» Exercise description: Retype exactly what appears below from the line containing "Очаровательный дизайн: Эти" down to the line containing "5限目。静かに硬筆に取り組ん", keeping both end lines. Do not include pictures.

» Data excerpt:
☆ ☆ ☆ ☆
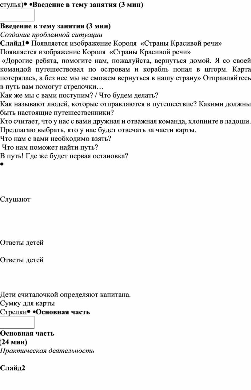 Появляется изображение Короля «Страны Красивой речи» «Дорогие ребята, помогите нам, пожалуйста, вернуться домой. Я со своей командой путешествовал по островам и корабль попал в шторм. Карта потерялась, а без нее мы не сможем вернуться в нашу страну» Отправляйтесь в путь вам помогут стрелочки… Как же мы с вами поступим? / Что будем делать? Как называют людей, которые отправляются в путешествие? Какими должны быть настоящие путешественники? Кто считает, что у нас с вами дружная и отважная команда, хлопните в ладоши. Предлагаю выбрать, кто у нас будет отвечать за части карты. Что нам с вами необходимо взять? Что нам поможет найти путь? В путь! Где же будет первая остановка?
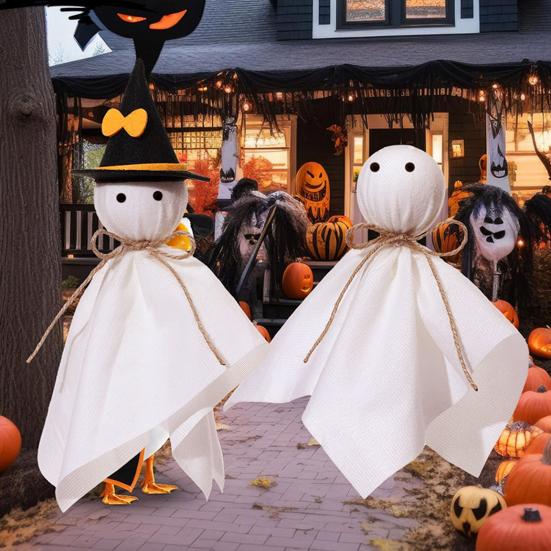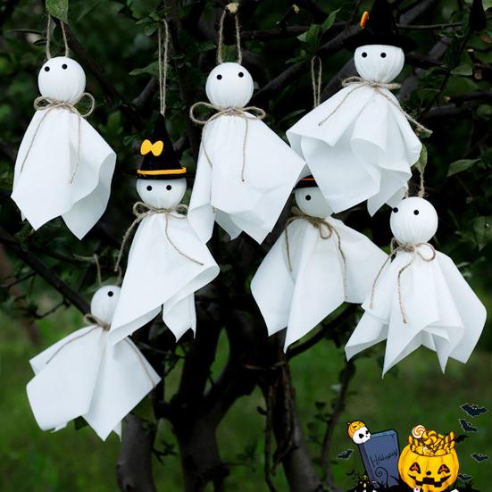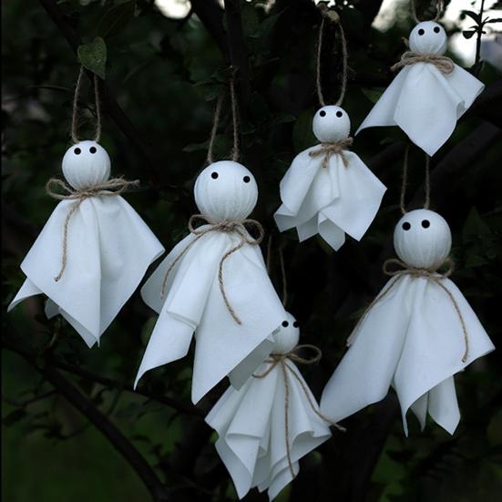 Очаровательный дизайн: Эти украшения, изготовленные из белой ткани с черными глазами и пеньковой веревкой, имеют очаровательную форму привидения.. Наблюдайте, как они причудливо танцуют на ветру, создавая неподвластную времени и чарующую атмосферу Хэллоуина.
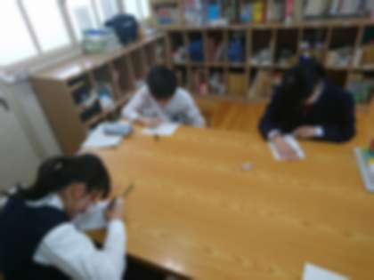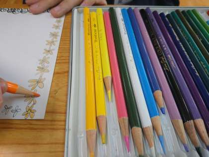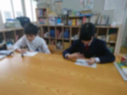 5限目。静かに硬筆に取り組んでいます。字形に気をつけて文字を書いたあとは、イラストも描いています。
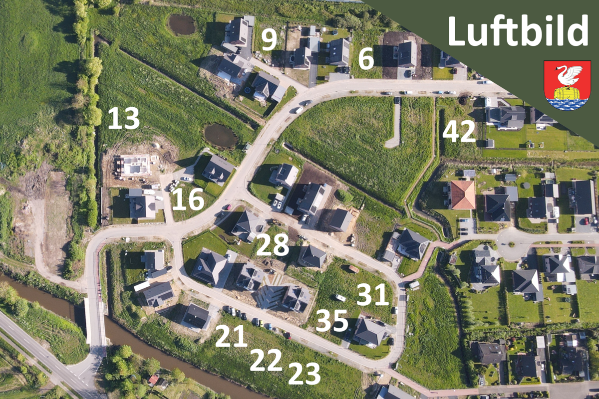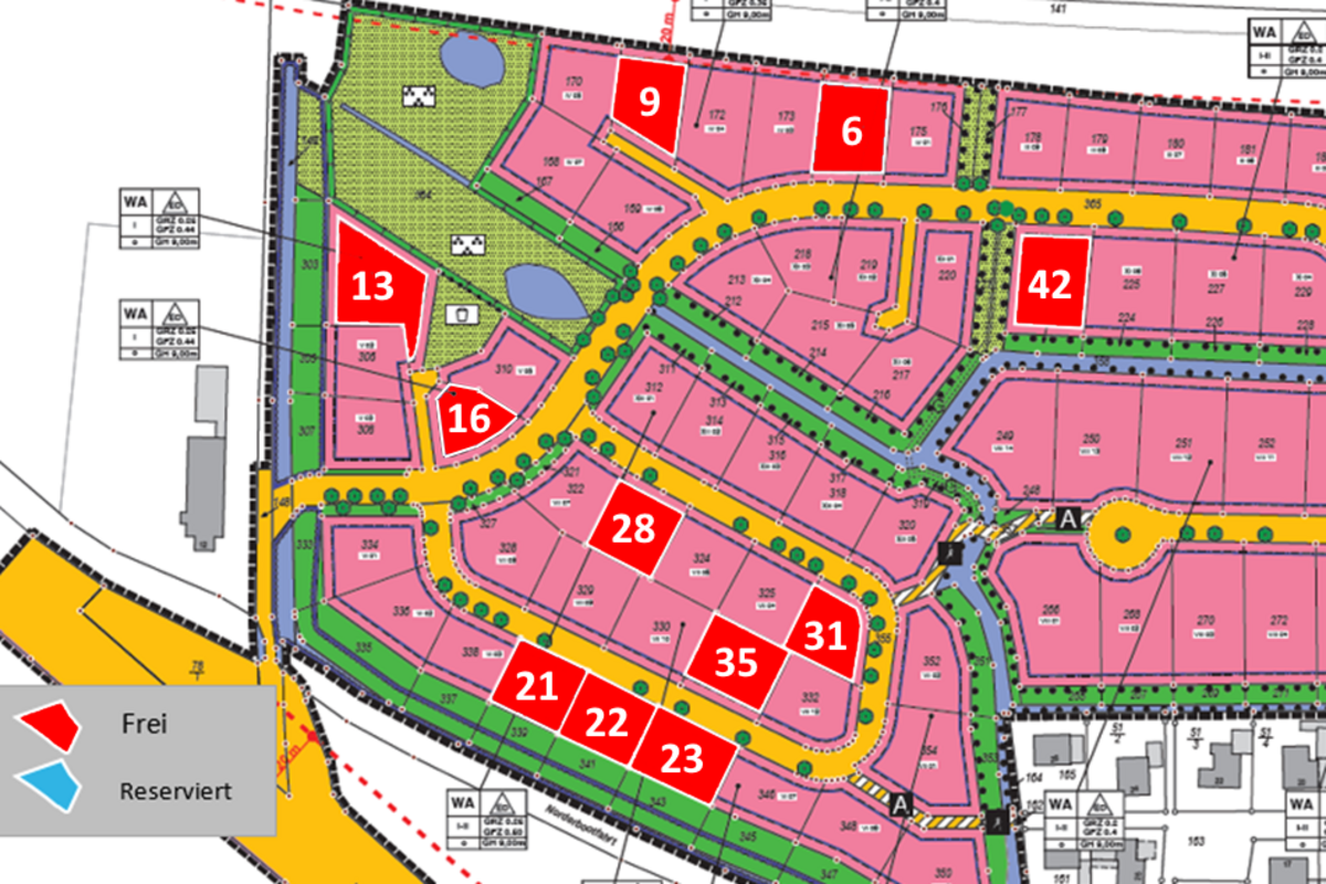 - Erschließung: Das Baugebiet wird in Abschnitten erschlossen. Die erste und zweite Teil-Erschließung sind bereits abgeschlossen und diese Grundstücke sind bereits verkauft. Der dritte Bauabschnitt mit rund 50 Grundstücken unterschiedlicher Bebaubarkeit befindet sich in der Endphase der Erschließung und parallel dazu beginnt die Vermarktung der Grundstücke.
☆ ☆ ☆ ☆
» Task solution:
 Очаровательный дизайн: Эти украшения, изготовленные из белой ткани с черными глазами и пеньковой веревкой, имеют очаровательную форму привидения.. Наблюдайте, как они причудливо танцуют на ветру, создавая неподвластную времени и чарующую атмосферу Хэллоуина.
 5限目。静かに硬筆に取り組んでいます。字形に気をつけて文字を書いたあとは、イラストも描いています。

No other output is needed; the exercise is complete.